START Data for this task

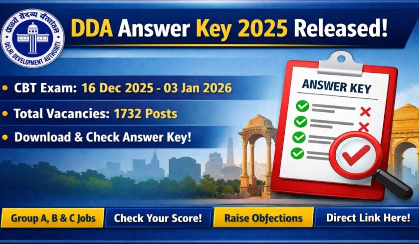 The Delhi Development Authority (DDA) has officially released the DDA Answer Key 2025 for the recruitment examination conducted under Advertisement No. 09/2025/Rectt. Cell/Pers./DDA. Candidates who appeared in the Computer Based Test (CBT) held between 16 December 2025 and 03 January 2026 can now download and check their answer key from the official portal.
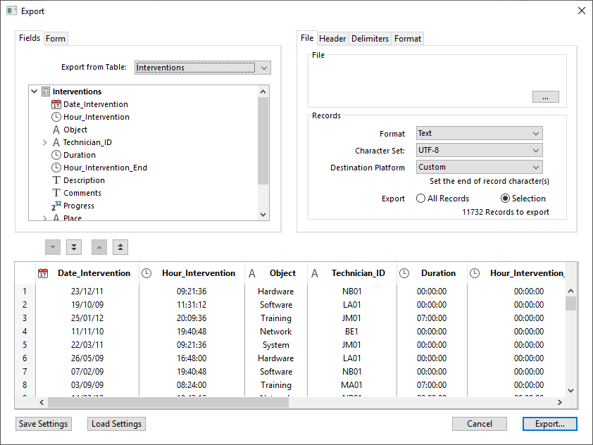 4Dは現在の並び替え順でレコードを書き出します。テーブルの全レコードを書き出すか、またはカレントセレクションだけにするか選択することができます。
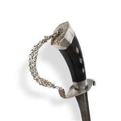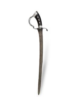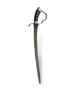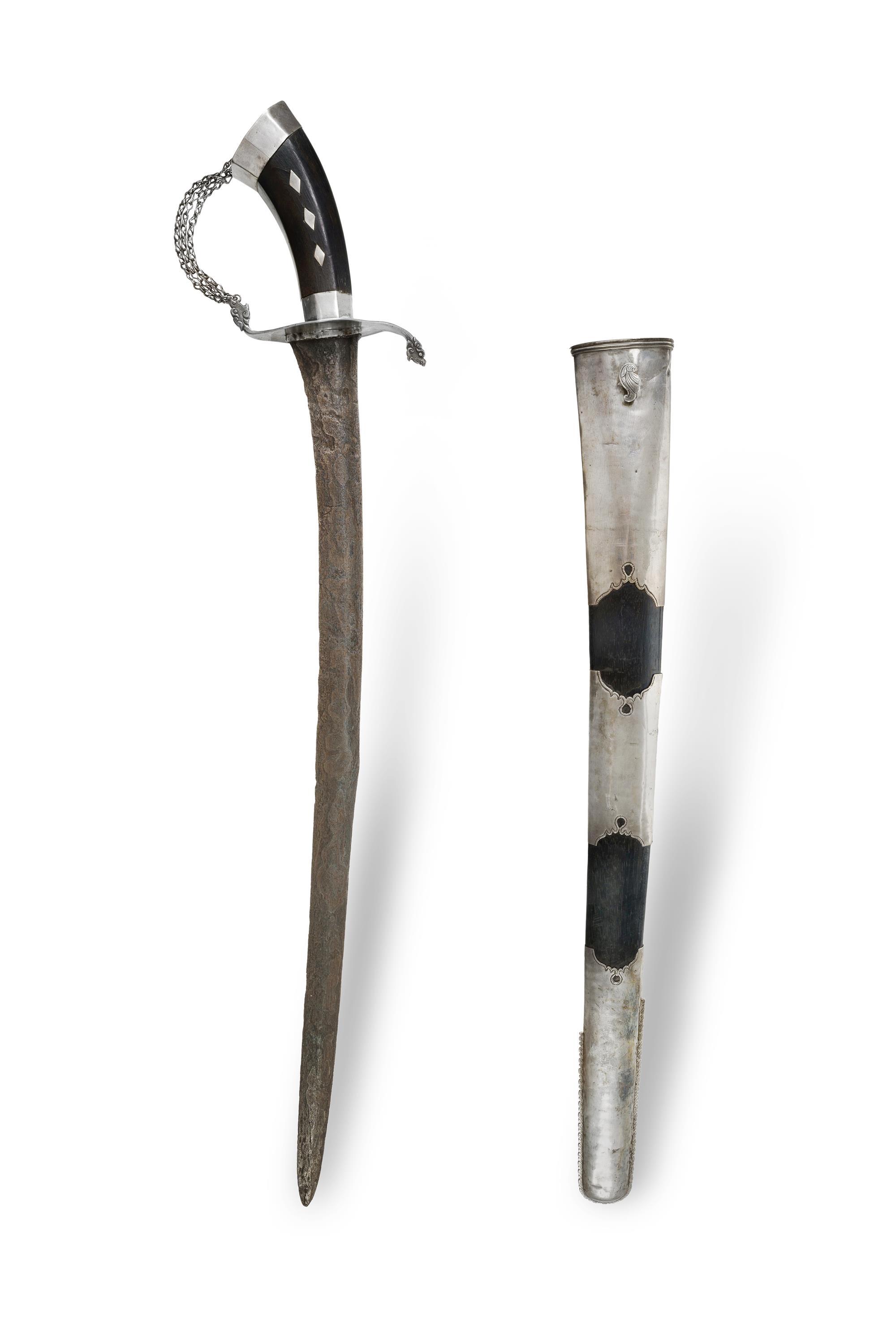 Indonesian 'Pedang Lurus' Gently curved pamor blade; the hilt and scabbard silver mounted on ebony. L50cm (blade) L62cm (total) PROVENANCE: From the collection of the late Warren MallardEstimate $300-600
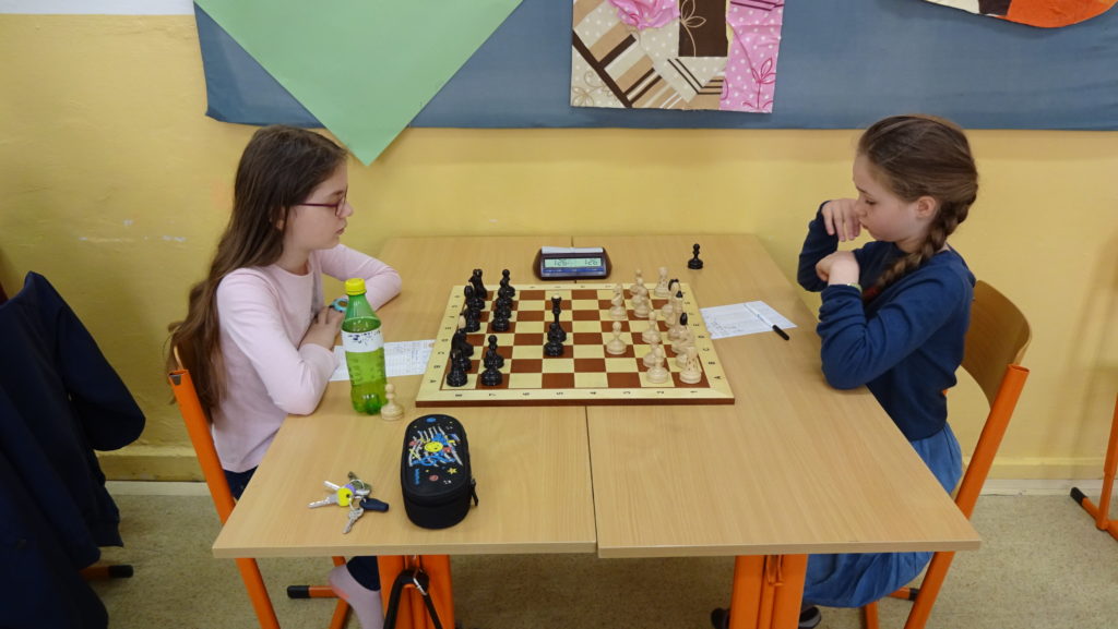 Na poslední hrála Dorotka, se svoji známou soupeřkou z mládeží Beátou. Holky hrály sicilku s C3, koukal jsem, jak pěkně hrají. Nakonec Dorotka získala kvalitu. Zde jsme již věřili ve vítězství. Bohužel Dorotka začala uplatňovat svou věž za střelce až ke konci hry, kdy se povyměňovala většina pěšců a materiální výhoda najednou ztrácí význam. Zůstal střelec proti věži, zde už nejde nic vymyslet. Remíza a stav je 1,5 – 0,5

END Data for this task
START Data for this task

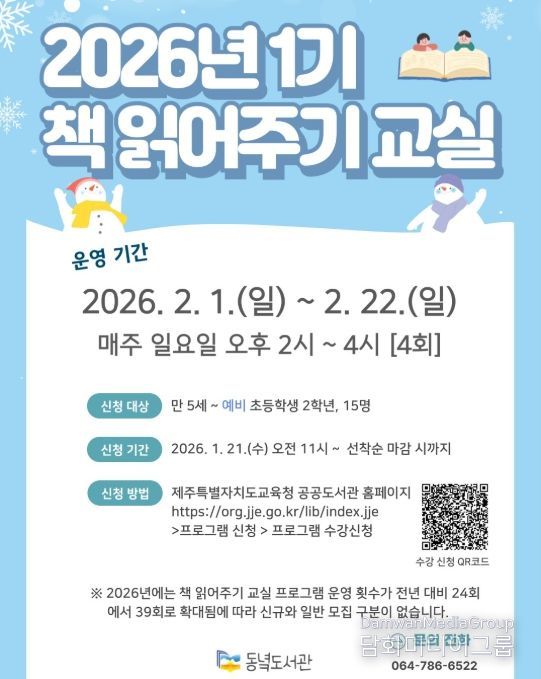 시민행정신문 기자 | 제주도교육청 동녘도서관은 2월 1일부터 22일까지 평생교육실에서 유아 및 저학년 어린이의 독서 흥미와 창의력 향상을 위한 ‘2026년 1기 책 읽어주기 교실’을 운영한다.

END Data for this task

Problem statement> Pictures excluded, reproduce only the part above that opens with the line holding "The Delhi Development" and closes with the line holding "Indonesian 'Pedang Lurus'", exactly as written.

Result>
 The Delhi Development Authority (DDA) has officially released the DDA Answer Key 2025 for the recruitment examination conducted under Advertisement No. 09/2025/Rectt. Cell/Pers./DDA. Candidates who appeared in the Computer Based Test (CBT) held between 16 December 2025 and 03 January 2026 can now download and check their answer key from the official portal.
 4Dは現在の並び替え順でレコードを書き出します。テーブルの全レコードを書き出すか、またはカレントセレクションだけにするか選択することができます。
 Indonesian 'Pedang Lurus' Gently curved pamor blade; the hilt and scabbard silver mounted on ebony. L50cm (blade) L62cm (total) PROVENANCE: From the collection of the late Warren MallardEstimate $300-600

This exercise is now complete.